*Task to complete*: Copy exactly. Begin at the line containing "将下面剩下的头发编织成辫子的形状,用橡皮筋扎起来。" and stop at the last line of the entries, omitting any pictures.

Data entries
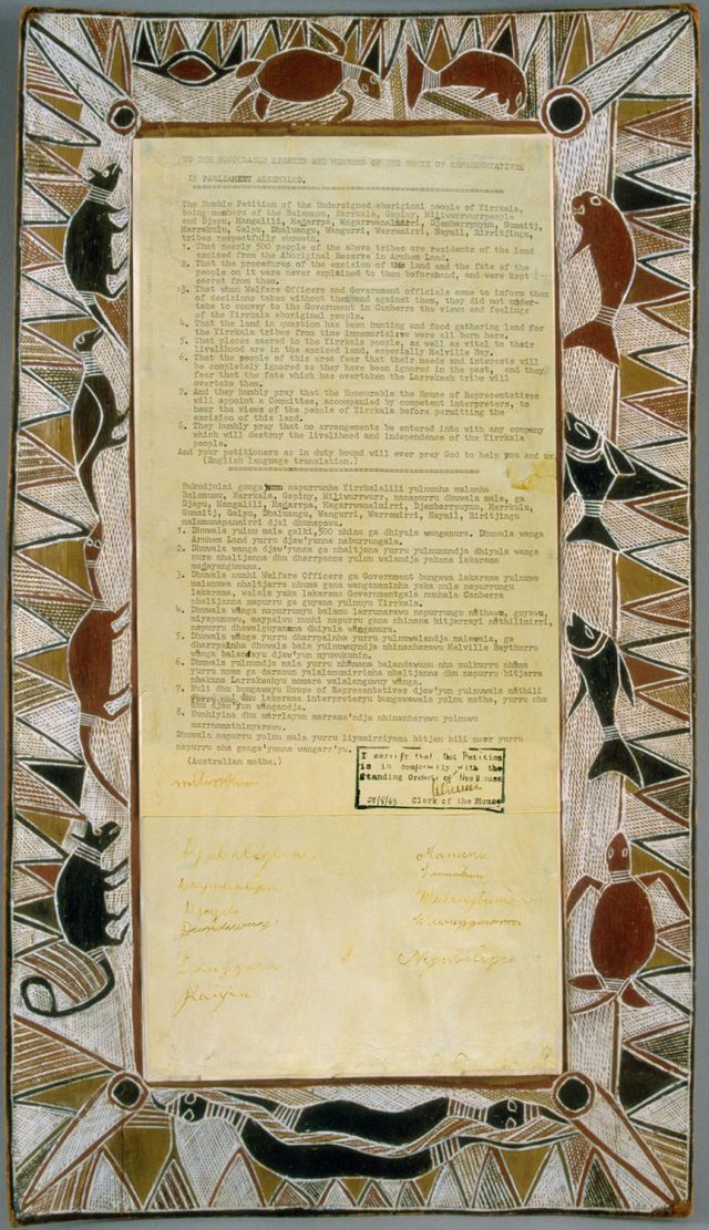 The Bark Petition (a petition framed by painted bark) was presented to federal parliament in August that year.
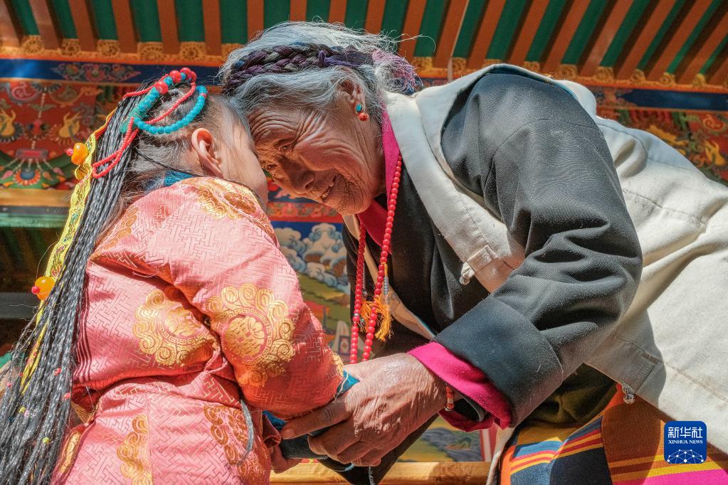 在位于西藏日喀則拉孜縣扎西宗鄉雜村的家中,次旦老人一臉幸福的微笑,家中小輩正輪流上前和她行碰頭禮。
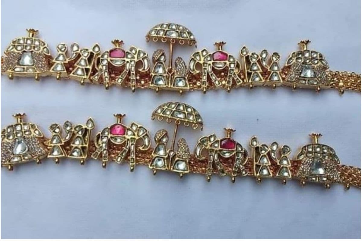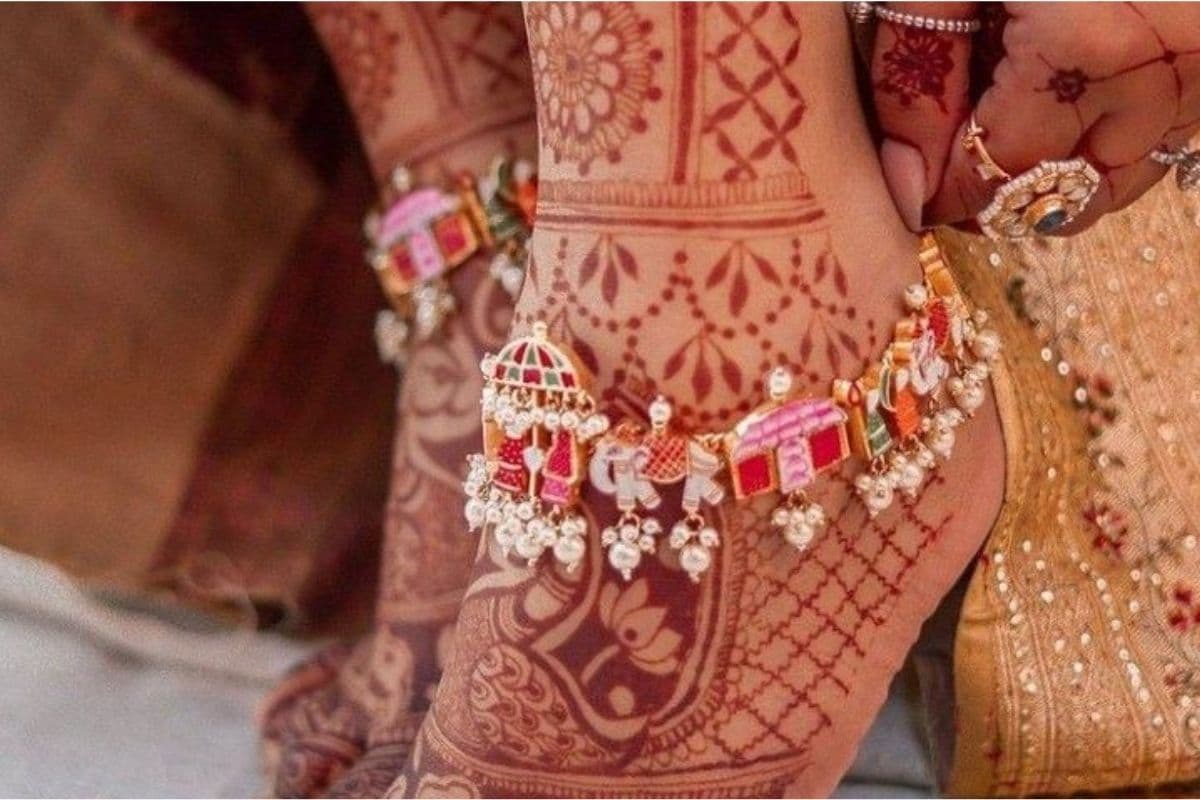 हैवी बारात-पालकी डिजाइन (Full Bridal Look): हैवी बारात-पालकी डिजाइन को काफी पसंद किया जा रहा है. इसमें पायल की पट्टी पर पूरी बारात का सीन उकेरा गया होता है जैसे हाथी, घोड़े और बीच में दुल्हन की पालकी.
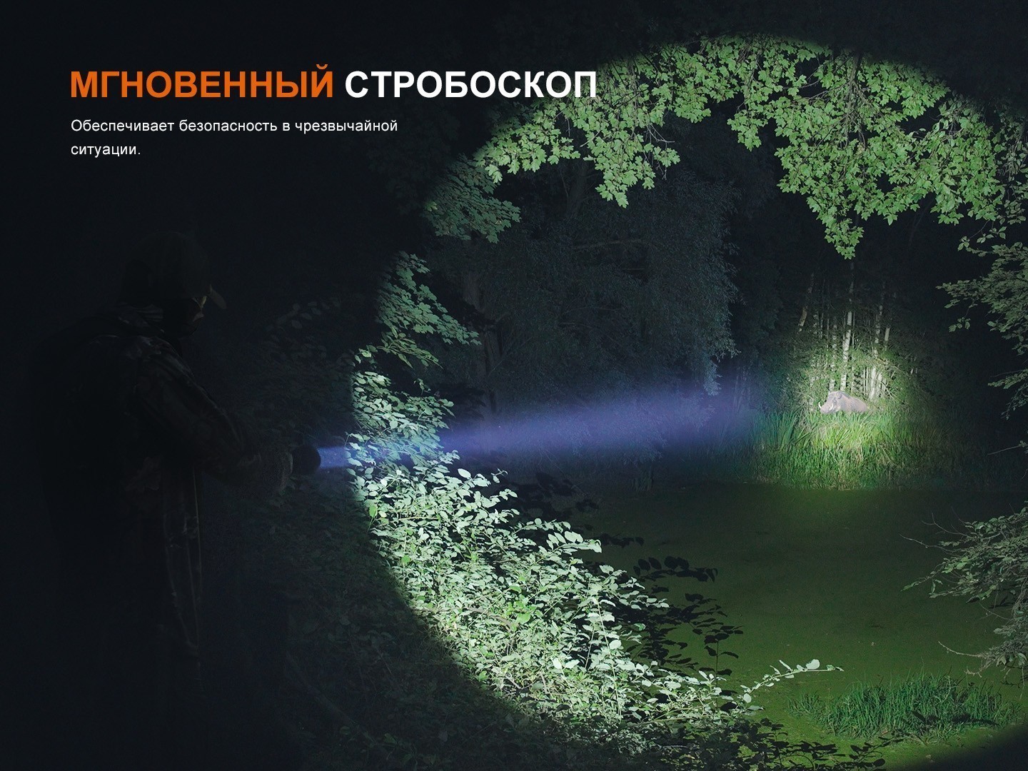 Максимальная яркость фонаря Fenix HT18R V2.0 достигает 3700 люмен, что обеспечивает уверенное освещение даже на дальних дистанциях. Луч легко «пробивает» темноту на расстояние до 1100 метров, что актуально именно для дальнобойного фонаря. Свет исходит от светодиода Luminus SFT70 — надёжного и долговечного источника света.
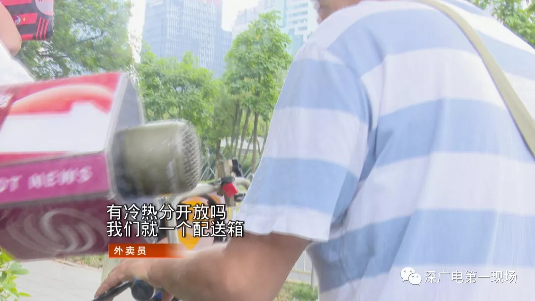 隨后送來(lái)的三份外賣里,冷飲和飯菜同樣是混合放在一個(gè)外賣箱中一起送過(guò)來(lái)。大部分外賣員反映,外賣箱沒(méi)有明確區(qū)分冷藏和熱藏區(qū)成了最大問(wèn)題,對(duì)于商家統(tǒng)一打包的冷飲和熱飯菜,他們大多也都不會(huì)主動(dòng)去分開(kāi)運(yùn)送。
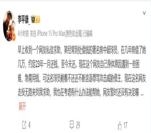 雷速体育9月29日宣 媒体人李平康在社媒爆料,某位前著名中超球员从球迷处借钱至今未还,如今当事人球迷患病急需用钱。却被球员不断言语辱骂攻击。
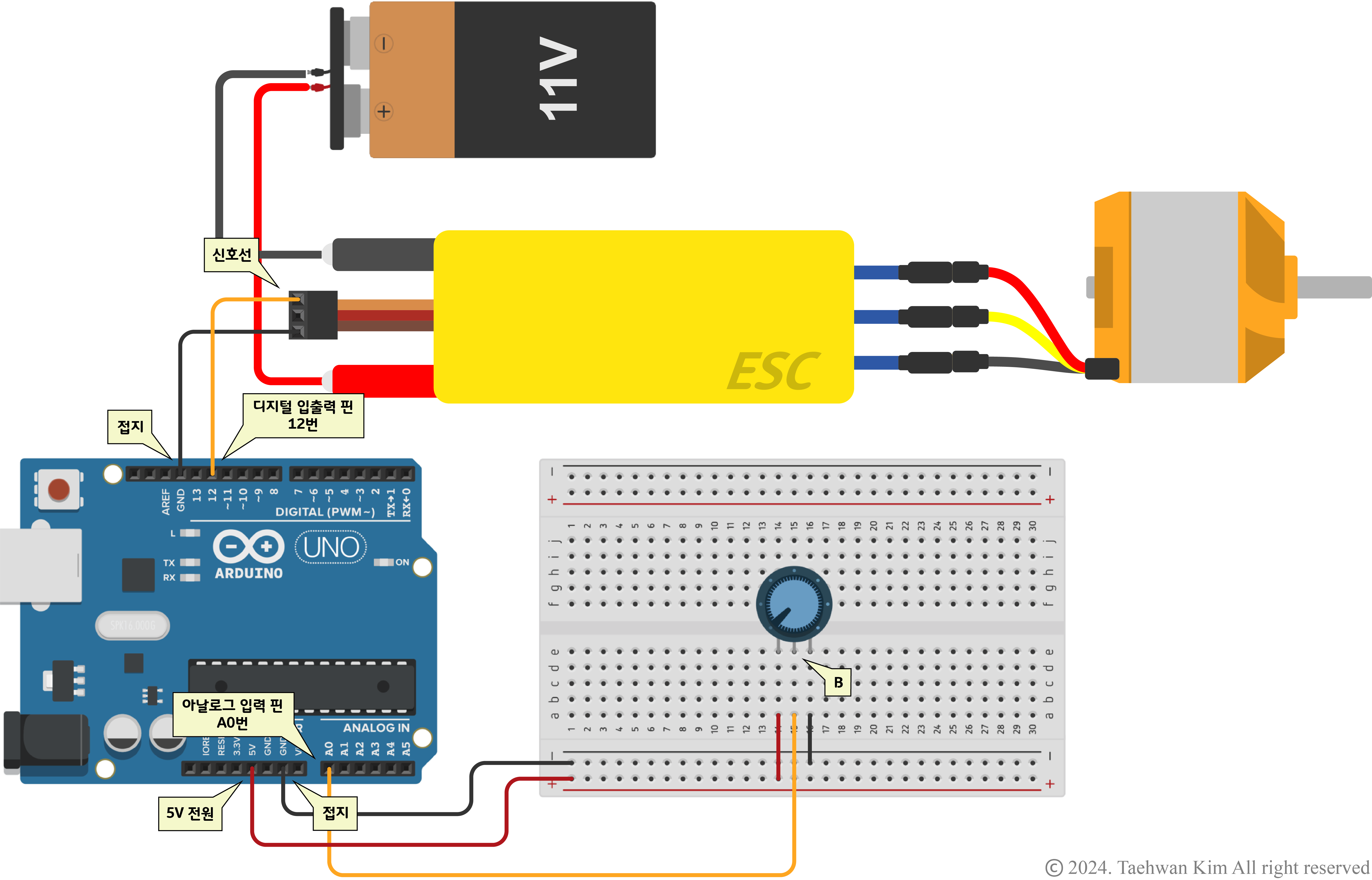 #include <Servo.h> // 서보모터 라이브러리 추가 Servo ESC; // ESC라는 이름의 서보모터 객체 생성 int value; // 정수형 변수 선언 void setup() { pinMode(A0, INPUT); // 아날로그 입력 A0번 핀을 입력(INPUT) 모드로 설정 ESC.attach(12); // ESC를 제어할 핀으로 12번 핀을 설정 Serial.begin(9600); // 시리얼 통신 시작 (통신 속도: 9600 bps) } void loop() { // 아날로그 입력 A0번 핀으로부터 아날로그 신호를 입력 받은 후 변수에 저장 value = analogRead(A0); value = map(value, 0, 1023, 1000, 2000); // 아날로그 신호 변환 후 변수에 저장 Serial.println(value); // 시리얼 모니터에 변수에 저장된 값 출력 후 줄 바꿈 ESC.writeMicroseconds(value); // ESC에 PWM 신호 출력 }5.3. 회로 구성 - 가변저항 제외
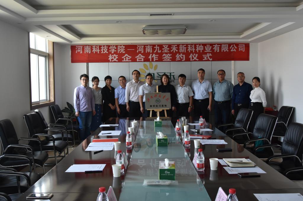 9月26日,我院与河南九圣禾新科种业有限公司战略合作及教学实践基地签约仪式在河南九圣禾新科种业有限公司举行。河南九圣禾新科种业有限公司董事长王文玉、总经理孙志军、副总经理赵文奇、我校教务处副处长赵新亮、生命科技学院院长刘明久、小麦中心主任胡铁柱、副院长胡海燕及办公室人员出席签约仪式。
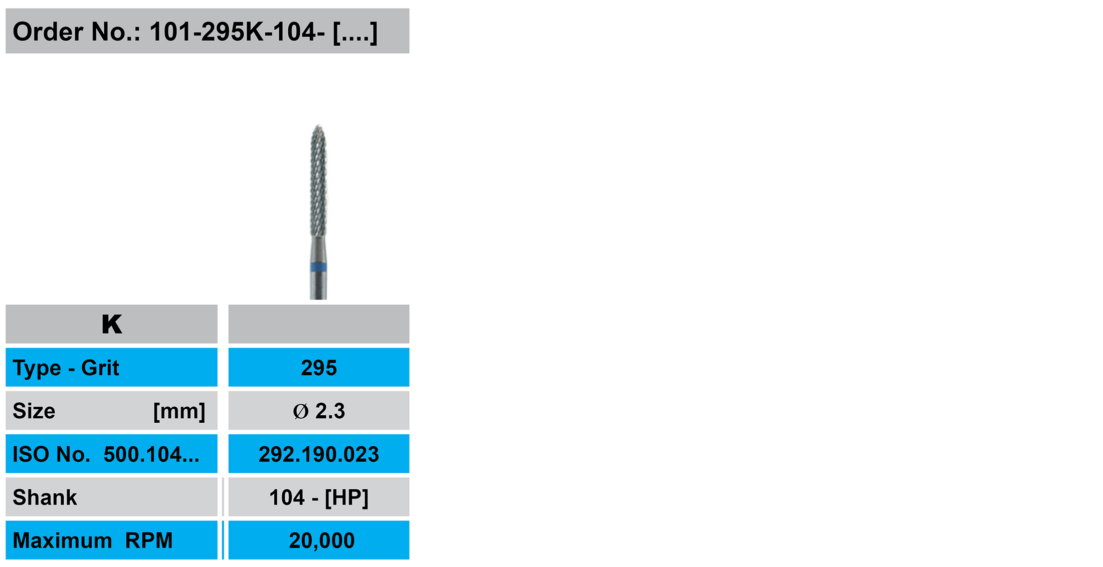 Torpedo K, cross cut, (blue ring). Suitable for efficient reduction of non-precious metal, precious metal, model metal, denture acrylics and dry plaster
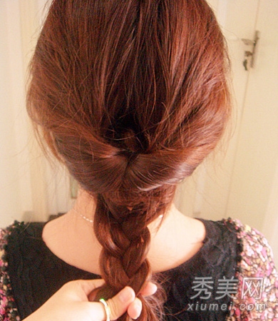 将下面剩下的头发编织成辫子的形状,用橡皮筋扎起来。
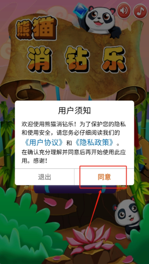 1、点击“同意”按钮,同意用户须知并继续游戏。
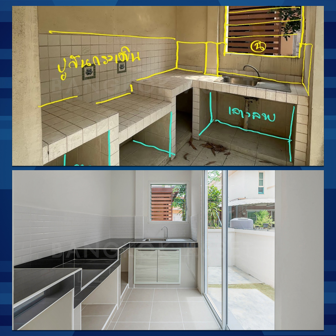ห้องครัว ปูกระเบื้องพื้นใหม่แบบกันลื่น เปลี่ยนกระเบื้องผนัง ฝ้าเพดาน ประตู หน้าต่าง หลอดไฟใหม่ทั้งหมด รวมทั้งทำเคาน์เตอร์ครัวใหม่ให้ใช้งานได้ครบทุกฟังก์ชันจริง ๆ
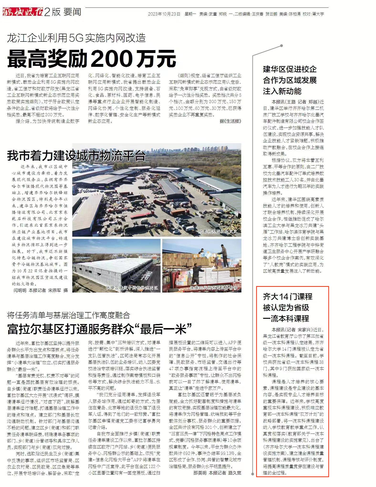 【鹤城晚报】齐大14门课程被认定为省级一流本科课程
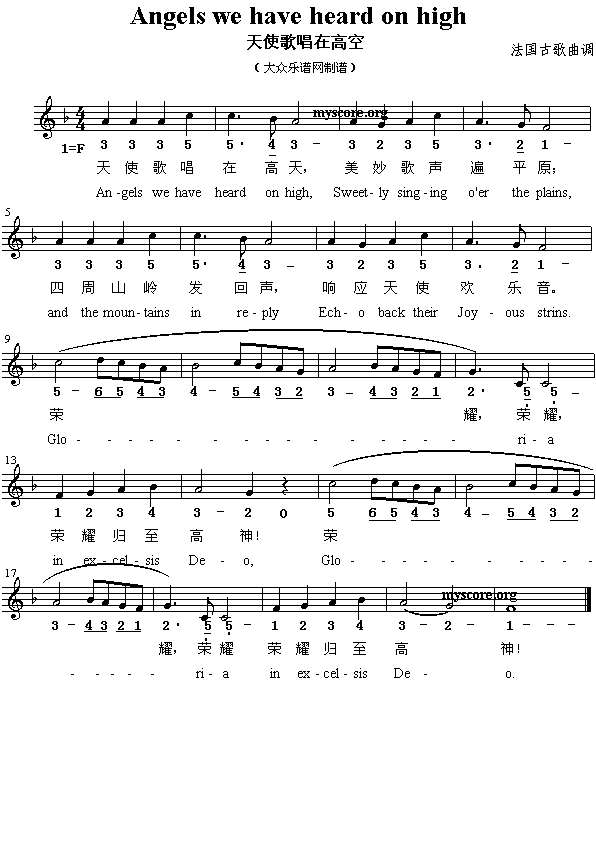 Angels We Have Heard On High 天使歌唱在高天圣歌中英天使歌歌谱简谱 五线谱
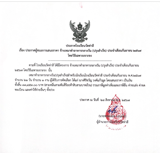 ประกาศผู้ชนะการเสนอราคา จ้างเหมาทำอาหารกลางวัน (ปรุงสำเร็จ) ประจำเดือนกันยายน ๒๕๖๗ โดยวิธีเฉพาะเจาะจง
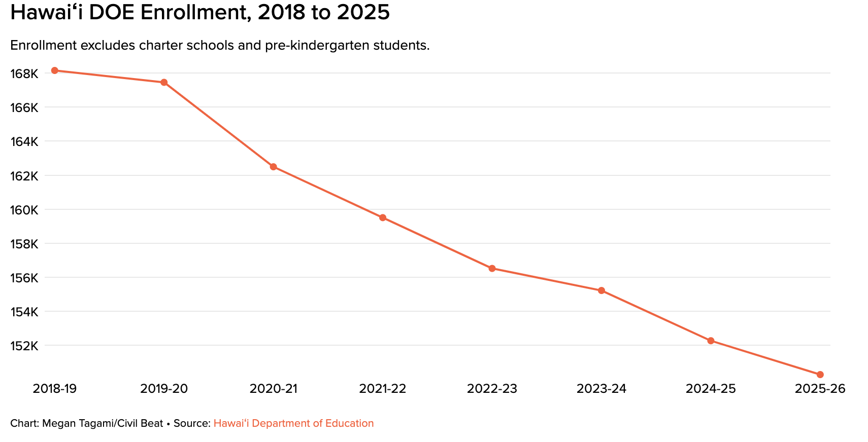Already, the education department has seen its enrollment drop by nearly 12% over the past decade, with school leaders citing the state’s declining birth rate and the number of families leaving Hawaiʻi in recent years.
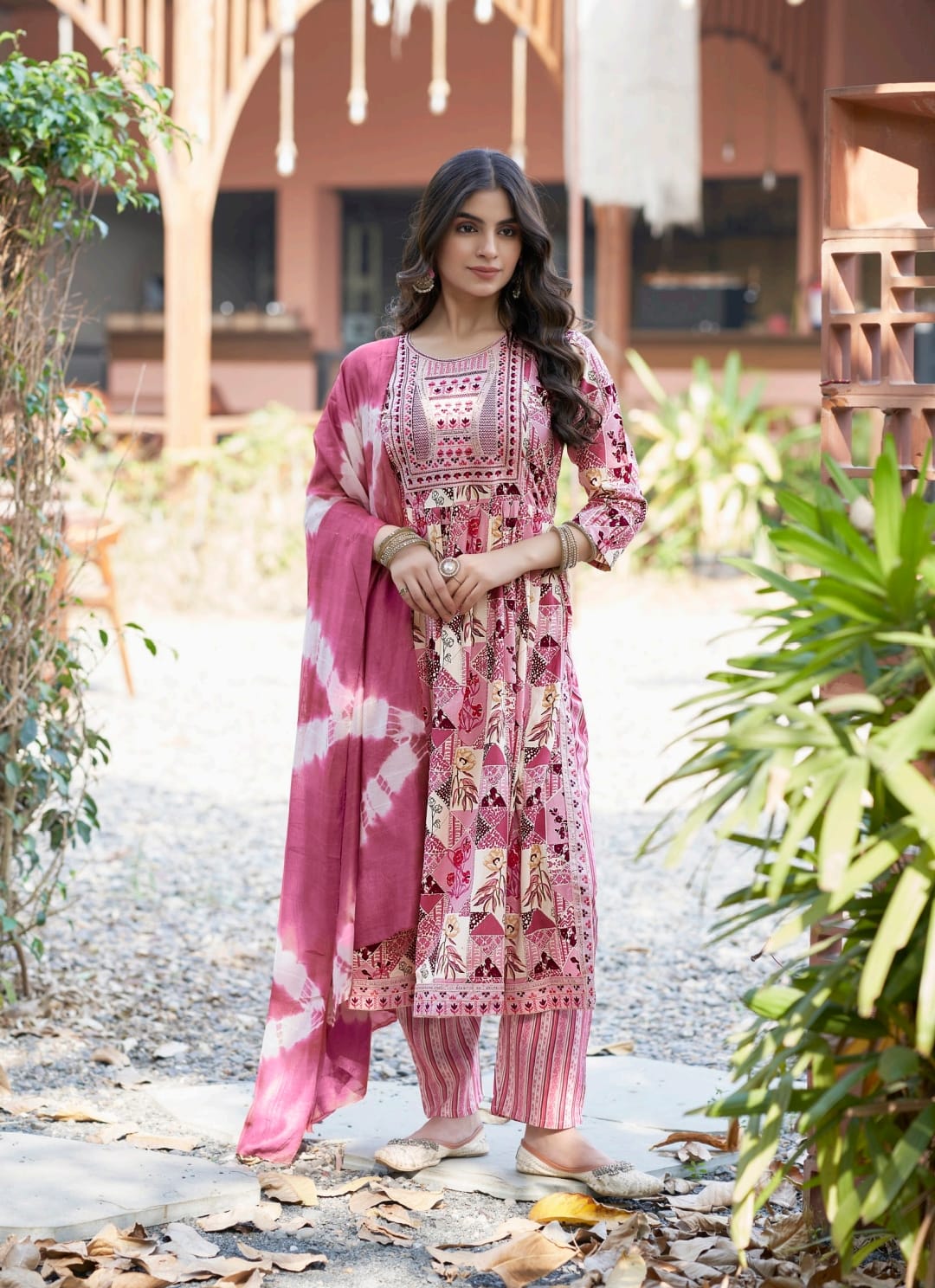 Choose cotton fabric suit with its unique prints and soft pastel shades for a beautiful better vibe. Which can be Paired with sandals and simple earrings for beautiful amazing looks.

*Task answer*:
 将下面剩下的头发编织成辫子的形状,用橡皮筋扎起来。
 1、点击“同意”按钮,同意用户须知并继续游戏。
ห้องครัว ปูกระเบื้องพื้นใหม่แบบกันลื่น เปลี่ยนกระเบื้องผนัง ฝ้าเพดาน ประตู หน้าต่าง หลอดไฟใหม่ทั้งหมด รวมทั้งทำเคาน์เตอร์ครัวใหม่ให้ใช้งานได้ครบทุกฟังก์ชันจริง ๆ
 【鹤城晚报】齐大14门课程被认定为省级一流本科课程
 Angels We Have Heard On High 天使歌唱在高天圣歌中英天使歌歌谱简谱 五线谱
 ประกาศผู้ชนะการเสนอราคา จ้างเหมาทำอาหารกลางวัน (ปรุงสำเร็จ) ประจำเดือนกันยายน ๒๕๖๗ โดยวิธีเฉพาะเจาะจง
Already, the education department has seen its enrollment drop by nearly 12% over the past decade, with school leaders citing the state’s declining birth rate and the number of families leaving Hawaiʻi in recent years.
 Choose cotton fabric suit with its unique prints and soft pastel shades for a beautiful better vibe. Which can be Paired with sandals and simple earrings for beautiful amazing looks.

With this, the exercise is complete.